Que vais-je bien pouvoir raconter ? La réponse est pourtant évidente. Reste spontanée. Mais pas trop. Dis lui des choses simples. Des choses sensées. Mes propres recommandations sont banales et surtout, à mon égard, plus faciles à dire qu’à appliquer.

Je sue. Je me rends compte que ma tenue n’est vraiment pas adaptée ni au rendez-vous ni à la météo généreuse. Je devine mes auréoles axillaires narquoises et grandissantes sous ma chemise. Mes chaussures habillées me font mal. Elles ont toujours été trop petites, alors arpenter les rues, chargé comme je le suis, ne fait que renforcer la corne de mes pieds.

Les passants me saluent en silence. Je ne les connais pas, mais ils me sourient pour la plupart, moi et mon bagage, comme si c’était l’usage. Ont-il remarqué ma sudation ? Et voici que ma moiteur s’intensifie. Je soupire. Je sens que ce tête-à-tête va être long.

J’arrive au lieu du rendez-vous. Je pousse la porte d’entrée, me dirige vers l'hôtesse du comptoir pour signaler ma présence et vérifier ma réservation. Je ne me suis pas trompé et je suis un peu en avance, c’est déjà un bon point. Je m’installe sur une chaise libre en déposant mon chargement au sol et je patiente. La pièce est de taille moyenne et chacun de ses murs arbore une couleur vive différente. Du rouge, du bleu, du jaune. C’est original. L’hôtesse d’accueil répond au téléphone pour prendre d’autres réservations. D’autres personnes sont là elles aussi à patienter, en petit groupe de deux ou trois. Elles échangent entre elles.

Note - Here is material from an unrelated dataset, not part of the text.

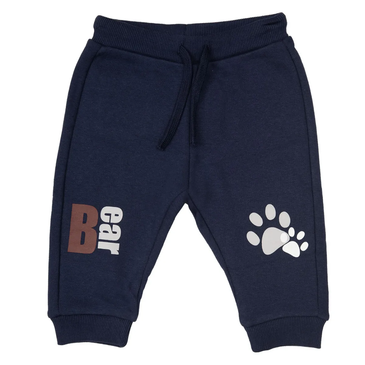 Pantalone in morbida felpa garzata con stampa sulle ginocchia. Le costine al fondo ed in vita rendono confortevole il capo.

J'espère qu’elle n’aura pas trop de retard. Je n’ai jamais su au bout de combien de temps il est inutile de jouer les prolongations dans l’illusion de penser qu’on ne s’est pas pris un lapin.

Certains clients partent et d’autres arrivent. Je suis sur mes gardes. Je scrute tout profil féminin qui pourrait s’avérer être ma future protagoniste. Soudain, pénètre par la porte d’entrée une représentante de la gent féminine. Elle semble avoir mon âge. À peu près. Elle se présente aussi à l'hôtesse et a bien un rendez-vous. Elle s’assied non loin de moi. Je la fixe. Elle le sent. Elle ose un coup d'œil dans ma direction, regarde ensuite à mes pieds et me laisse un sourire avant de se détourner elle aussi. Raté, ce n’est pas elle. C’était sûr de toute façon. Mais qu’ont-ils tous avec leur sourire compassionnel ? Je suis déjà assez perturbé comme ça. Si la pitié est le premier sentiment que je réfléchis je ne donne pas cher de ma peau. Vu son attitude, il me vient même à penser que l’odeur de mes orteils, malgré chaussettes et chaussures, n’ont rien à envier à mes aisselles. Je prends une nouvelle suée. Je m’étais bien dit que la cravate et les mocassins étaient de trop en plein mois d'août.

Puis, surgit de la porte blanche du fond de la pièce une autre femme. Elle est de taille moyenne, porte des lunettes et ses cheveux bruns ont été travaillés en une forme de chignon sommaire. Elle est belle, je crois. Son chemisier vert et son pantalon taille haute couleur noir la mettent en valeur.

Elle regarde autour d’elle, scrute l’assemblée silencieuse et s’arrête sur moi et mon équipement.

  • M. Sol ?

Je la regarde ébahi. C’est donc bien elle, et elle ne m’a pas posé un lapin. Ne jouons pas trop les fanfarons, il est encore tant pour elle de me renvoyer dans mes quartiers, elle n’a pas encore eu l’honneur de jouir de ma senteur exsudative.

  • M. Sol, répète-t-elle en me regardant.

Quelle clairvoyance, elle sait déjà qui je suis. Peut-être est-elle allée regarder mon profil sur un réseau social. Qu’importe, je crois qu’il est temps de sortir de ma torpeur et de réagir avec assurance. C’est avec moi qu’elle a rendez-vous et personne d’autre alors roulons des mécaniques.

Je me lève, j’attrape le siège coque à mes pieds et m’avance. Je lui rends la main qu’elle me tend.

  • C’est bien pour Elïo, n’est-ce pas ?
  • Oui tout à fait Docteur, excusez mon étourderie la journée a été longue.

Elle m’invite à l’intérieur où je pénètre avec mon fils, puis elle referme derrière nous la porte du cabinet.